The radius of the circle is a/2. I've already sketched out the equations.

That's correct for the circle's radius.

 

[PensNAS]

It is a decreasing, concave curve is what I should have said. How does one show that there is not a solution for both equations?

 

[Mark44]

It is a decreasing, concave curve is what I should have said.

It is concave up, yes, but it's decreasing on part of its domain and increasing on the other part.

What geometric figure is y = K(a - x)²? (I changed the variables so that you might recognize what this is more easily.)

How does one show that there is not a solution for both equations?

Like I said before, a sketch of both curves is a good start. So far, you have only one of them.

 

[PensNAS]

It is a parabola. The book gives us the graph of both functions, but limits it to the first quadrant. I should have soda that too, my bad.

 

[Mark44]

You could try this: Write a function that represents the distance between an arbitrary point on the circle and one on the left side of the parabola. Find the minimum value of that function. If the minimum value is greater than zero, the two curves don't intersect.

Trying to solve the equation that you found seems like a dead end to me.

 

[PensNAS]

Am I wrong in thinking the formula for the distance between the functions is the top curve minus the bottom curve?

 

[Mark44]

Am I wrong in thinking the formula for the distance between the functions is the top curve minus the bottom curve?

Yes, you're wrong. That would give you the vertical distance between the two curves, which isn't the same as the distance I described.
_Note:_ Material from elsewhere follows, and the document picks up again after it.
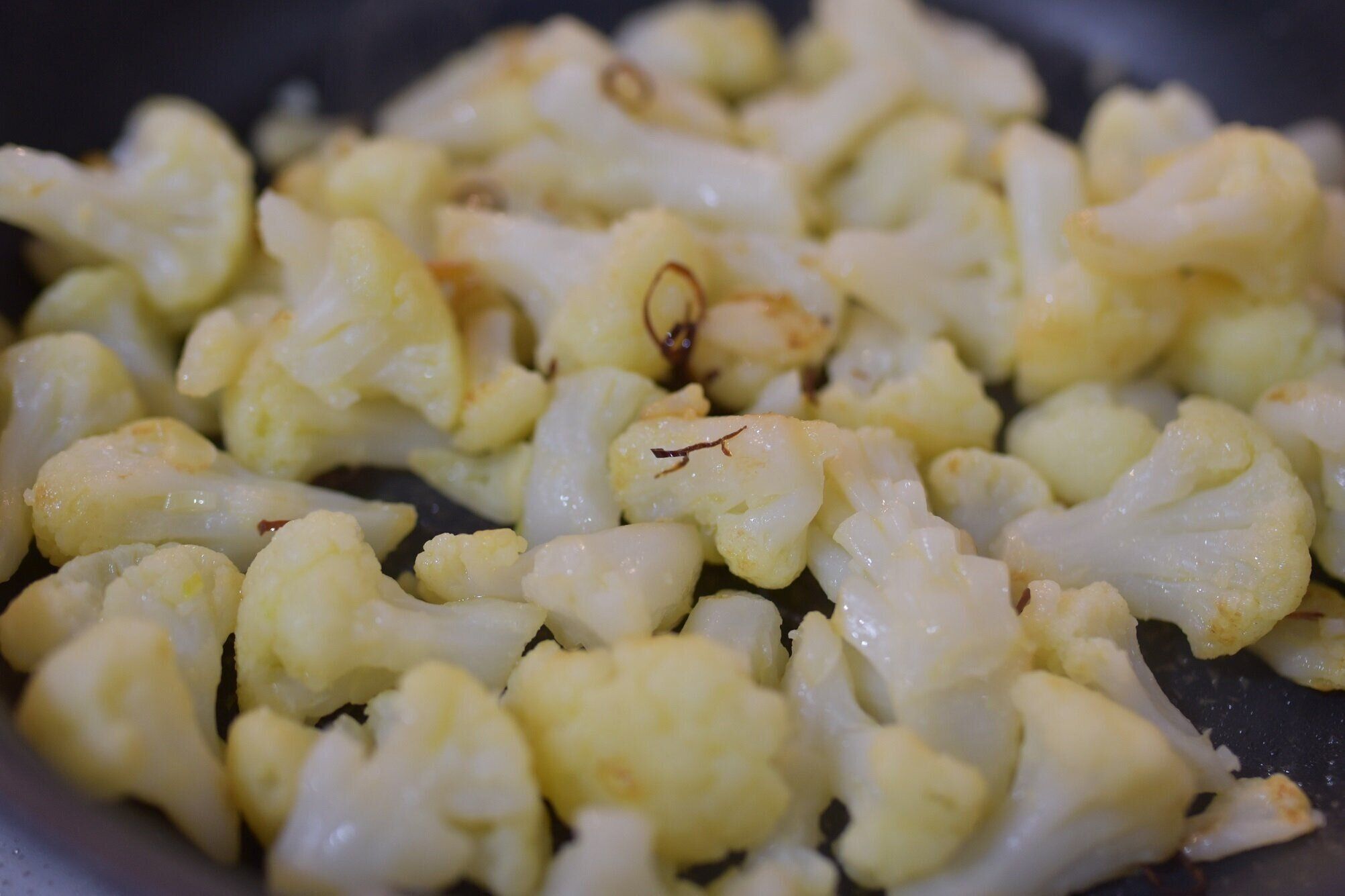 次につくってみたのは、「カリフラワーのペペロン炒め」です。にんにく2片をスライスしたものと、オリーブオイル大さじ1を香りが出るまで加熱したところに、冷凍カリフラワー250gを投入。

A slightly different approach would be to find the point on the parabola that's closest to the origin. Then the line segment from the origin to the parabola would intersect the circle at some point, and you could easily find the distance between the circle and the parabola.
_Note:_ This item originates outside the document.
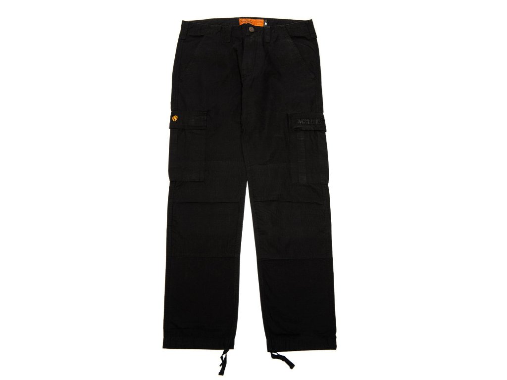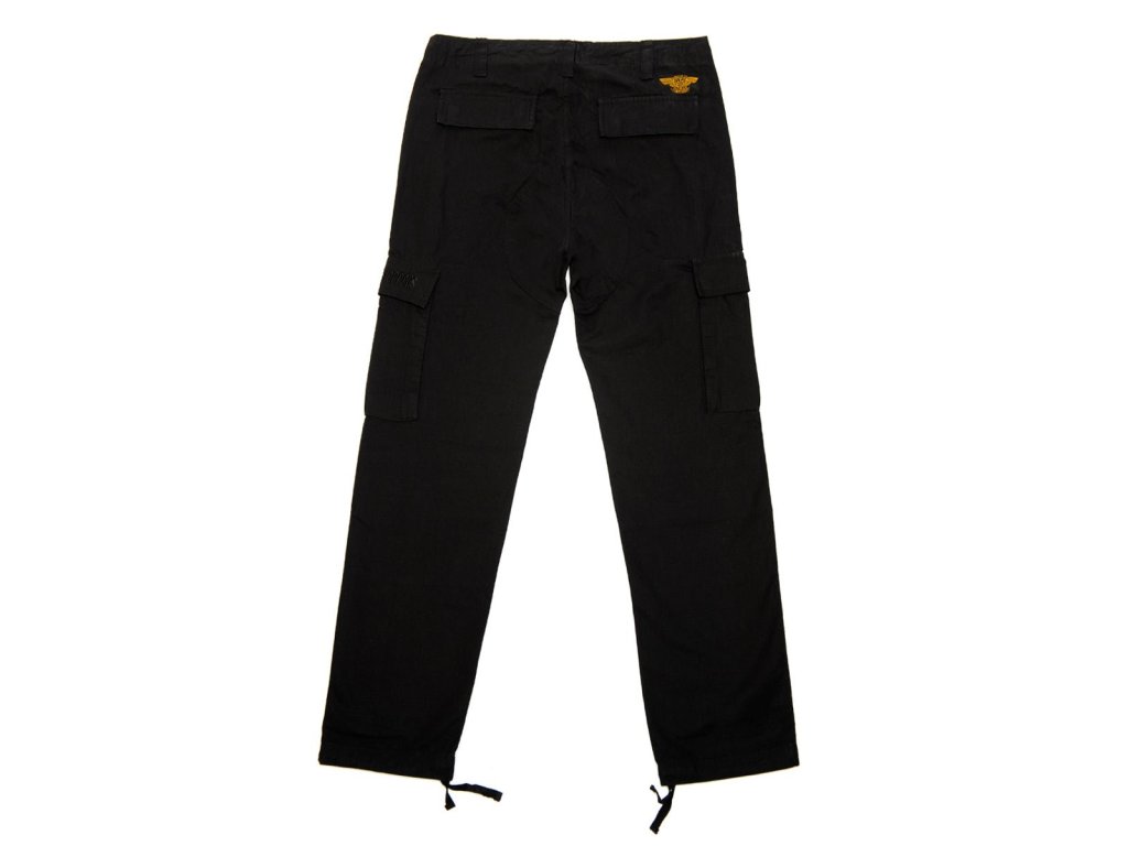Tyto cargo kalhoty West Coast Choppers mají v pase klasickou kombinaci knoflíku a zipu a navíc ještě i šňůrku. Dvě boční kapsy, dvě na bedrech a další na stehnech. Rovný střih nohavic se stahovací šňůrkou ve spodním lemu.

I'm sort of making this up as I go along, but I think this is a workable way to go.

 

[Mark44]

Offtopic, but do you happen to be in Pensacola?

 

[Dick]

Yes, you're wrong. That would give you the vertical distance between the two curves, which isn't the same as the distance I described.

A slightly different approach would be to find the point on the parabola that's closest to the origin. Then the line segment from the origin to the parabola would intersect the circle at some point, and you could easily find the distance between the circle and the parabola.

I'm sort of making this up as I go along, but I think this is a workable way to go.

Since the second equation is a circle centered at the origin, the distance from a point on the parabola to the origin is going to give you a fourth order equation, not too much different from what you get trying to intersect them. It might pay to be more clever. If pensNAS has got a good picture, think about drawing a tangent line to the circle that has the circle on one side and the parabola on the other. Then if you write down an equation for the tangent line and show it doesn't intersect the parabola, you would be done.

 

[PensNAS]

Thanks for the help! I actually went and talked to my professor, since this is part of a statics problem and not calculus. He was okay with just plotting a few points around where the curves get closest.

@Mark44, I'm from Pensacola.

 

[Dick]

Thanks for the help! I actually went and talked to my professor, since this is part of a statics problem and not calculus. He was okay with just plotting a few points around where the curves get closest.

@Mark44, I'm from Pensacola.

Ok. For the record, I think it's pretty easy to show that the tangent line to the circle passing through x=a/(2sqrt(2)), y=a/(2sqrt(2)) doesn't intersect the parabola. Since the two curves are on different sides of that line, they can't intersect.